Sam tried to wrestle him to his knees. “Filthy pirate scum.”
He choked out, “From spew spawn like you, Wrack, that’s a compliment.”
“He’s staying a while.” That was Taylor, and it had the effect of distracting Sam long enough that Damon got his arms around Sam’s knees and tipped him over. They both went down tangled with a couple of chairs, and Angus yelling at them to quit it.
He sat on the floor and laughed. It was good to be home. Sam hauled him up and half an hour later he was singing U2’s Beautiful Day just to prove it.
2: Sound of Alone
Georgia pulled the grimy wooden blinds closed and collapsed into the only chair not piled with boxes or other household guff. It would take hours to unpack and get sorted but she didn’t give a hoot that this tiny flat was grubby, messy and missing a connection to functioning electricity.
It was her private space. If she never unpacked a box, washed a plate, scrubbed soap scum off the shower curtain she’d yet to hang, no one would care. She sprawled in the chair and breathed deeply of dust and musty smells and they were cleansing. This was freedom, this was her new life and it was joyful. She’d start over with her old name, in this new space where no one could make her feel responsible, guilty, frustrated or angry.
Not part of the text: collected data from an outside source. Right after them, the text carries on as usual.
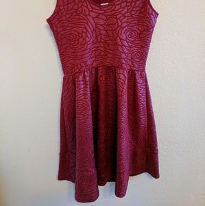 Faux leather look for a stretch red dress with rose pattern imprint 🌹 easy to dress up or down 🌹 Red is THE color this season and this wine-red dress is great for layering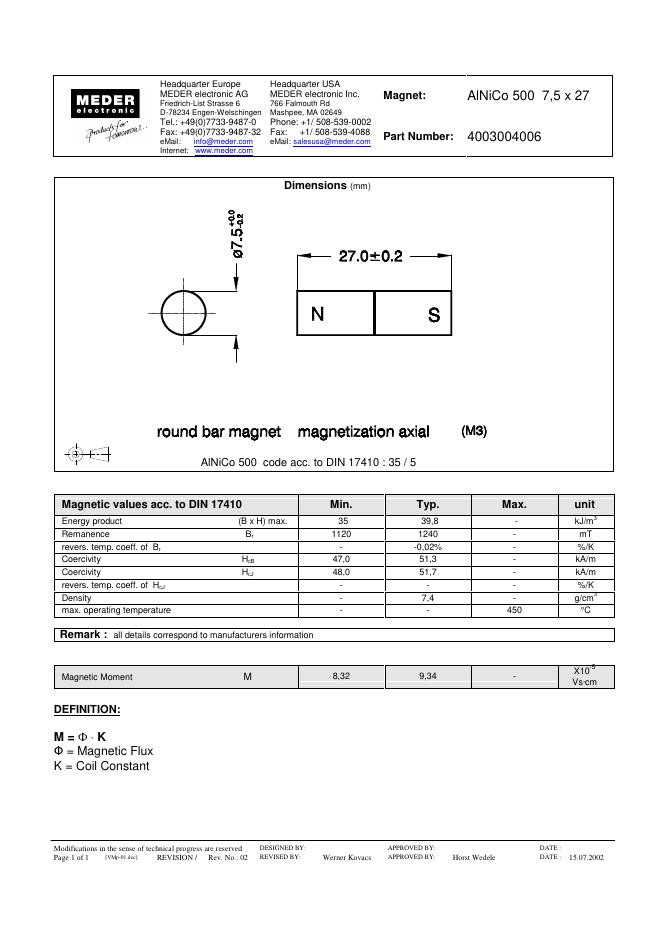 MEDER Magnet: AlNiCo 500 7,5 x 27 数据手册.pdf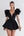 Enkel A-linjeformad V-ringad Liten Svart Klänning med Volanger Ärmar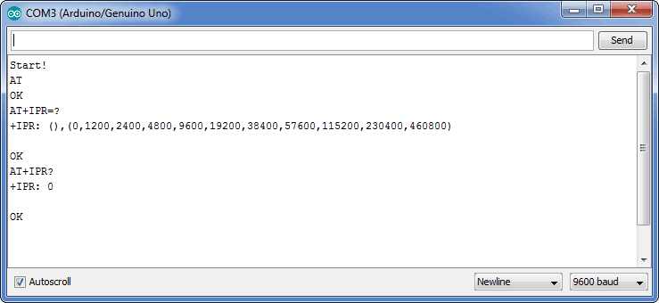 В качестве примера данной группы команд, также можно привести команду AT+IPR. Командой AT+IPR=? можно узнать значения, которые может принимать параметр. Командой AT+IPR? можно узнать текущую скорость обмена данными с модулем, а командой AT+IPR=<...> — задать другую скорость. |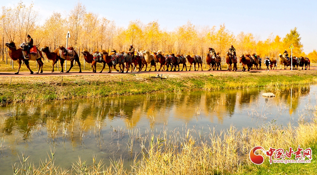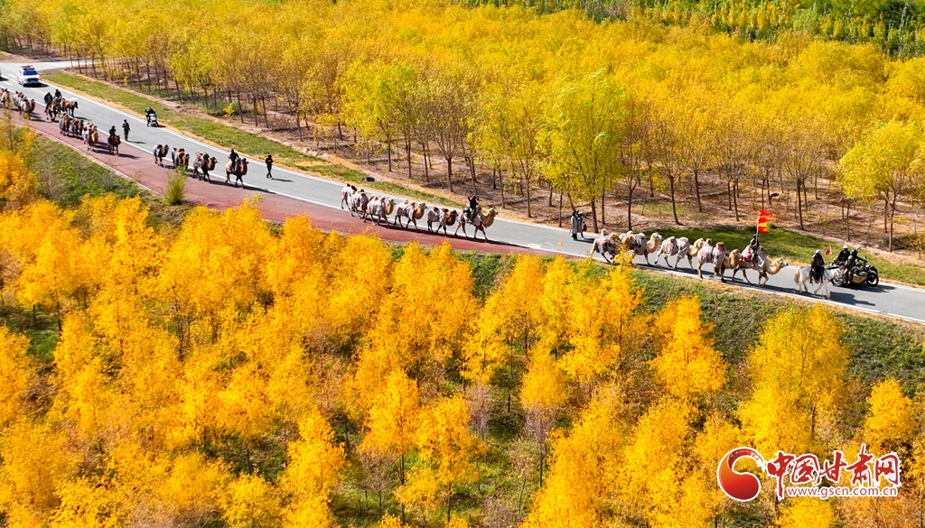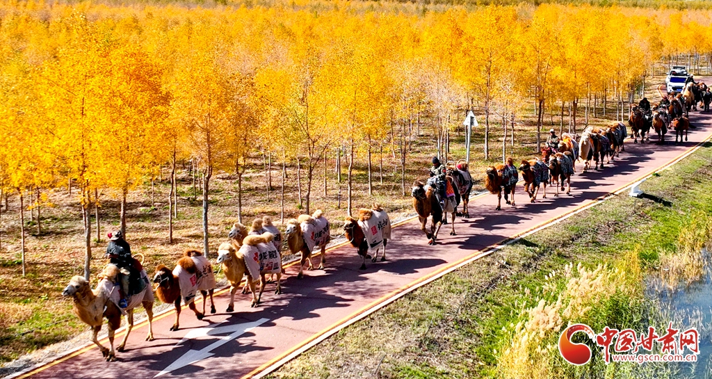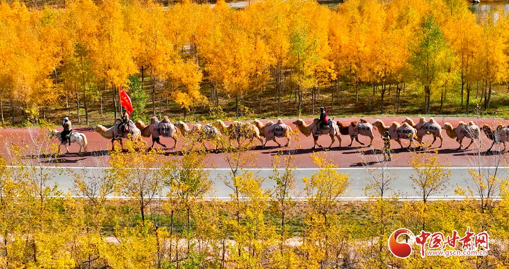 金秋十月,張掖市甘州區(qū)黑河林場(chǎng)萬畝胡楊林迎來流金季節(jié)。10月15日,一支駝隊(duì)行進(jìn)其間,領(lǐng)略這最美的時(shí)光。這片昔日亂石林立、滿目瘡痍的黑河亂石灘,如今已成為6萬畝的城市森林,游人、駝隊(duì)行進(jìn)其中,與金色林海共同構(gòu)成了一幅動(dòng)人的生態(tài)畫卷。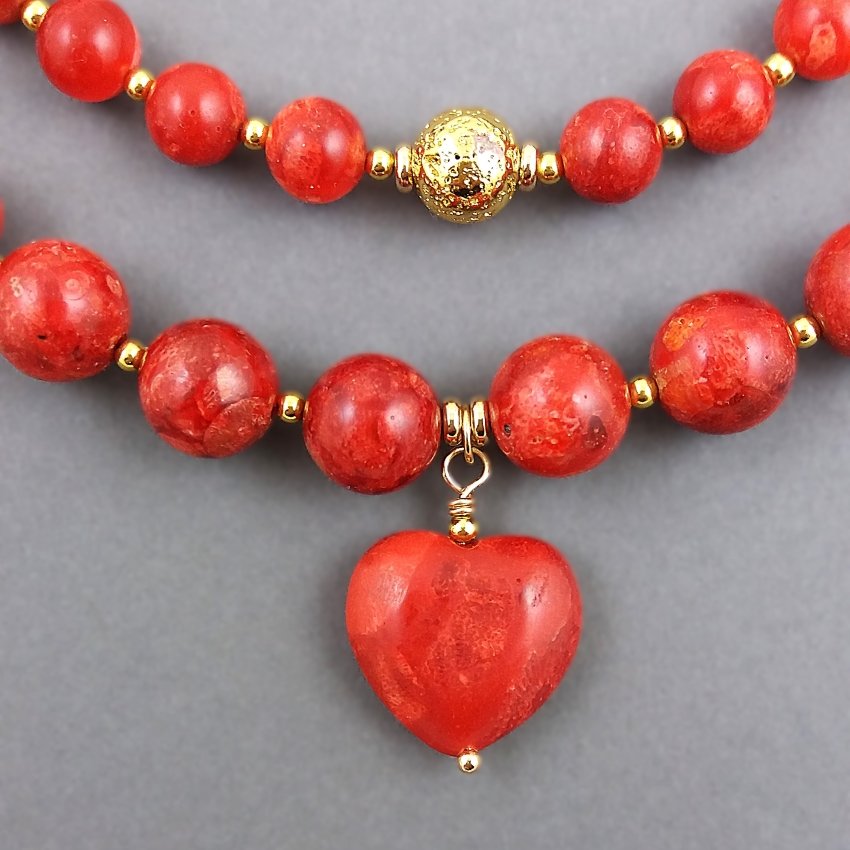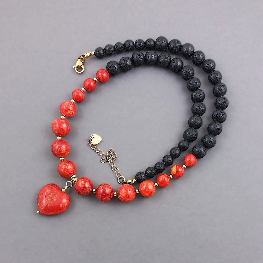 W drugim, dłuższym kamienie mają średnicę 8 i 6mm (lawa) i 11,10 i 8mm (koral). Tu centralnie umieściłam zawieszkę w kształcie serca z korala, o wymiarach 2x2cm.

She could wear all those emotions without judgement, without needing to cover them over with smiling patience and polite forbearance like cheeks that needed colour or eyes that didn’t pop.
She could be grumpy and slobby, flippant and silly. She could sing off-key without worrying about anyone’s headache, or dance like she was having a fit without complaints she was being juvenile. She could eat junk food till she packed on the weight and exploded in oozing fatty lumps out the seams of her clothing. She could cultivate bad breath till the scent of it permeated the whole flat and seeped under the door into the street, making dogs howl and cats drop dead.
Even better, she could lie in bed all weekend, or watch endless bad television, or play games on her phone all day, or take up a dorky hobby like scrapbooking. Or she could sit in this comfortable chair all day and read a book, if she could find one, and no one would need a meal, or a complaint heard, a pillow plumped, attention for their bitterness and misery, or an audience for their betrayal.
She was done with the need for attention most of all. When it had been necessary vigilance she’d borne it better, with sucked up grief and determination, with a constant ache in her chest. With love. But once the fear wore off, once a reasonable recovery was imminent, it was the attention that wore her down most of all, because it was always so opinionated and unforgiving.
And Hamish had never been that way before.
But whose fault was that?
She struggled upright and pushed a box of kitchen gear out of her way with her booted foot. There was enough space between the chair, the new old coffee table and the two suitcases to dance. She took her phone out of her hip pocket and thumbed through to her music, picked the Cyndi Lauper track Girls Just Want to Have Fun, and played it through the tinny phone speakers. It was her new anthem, except fun was taking this whole break free thing a little far. What she wanted was to be alone, to be uninvolved, careless and quiet. Not to be defined as a patient girlfriend, a caring wife, a nurse, a companion, a slave. Not to be the one who ruined it all.
Cyndi sang and Georgia faked a dance step that was more a sideways old lady scared of breaking a hip shuffle than a recognisable groove. Not that she had much dancer in her anyway, but somehow in all that time with Hamish she’d lost her sense of rhythm, along with the logic of who she was without him.
And without him was bliss, a deep hot bubble bath, a feather bed, a big mouthful of chocolate praline, endless coffee refills you didn’t have to make yourself.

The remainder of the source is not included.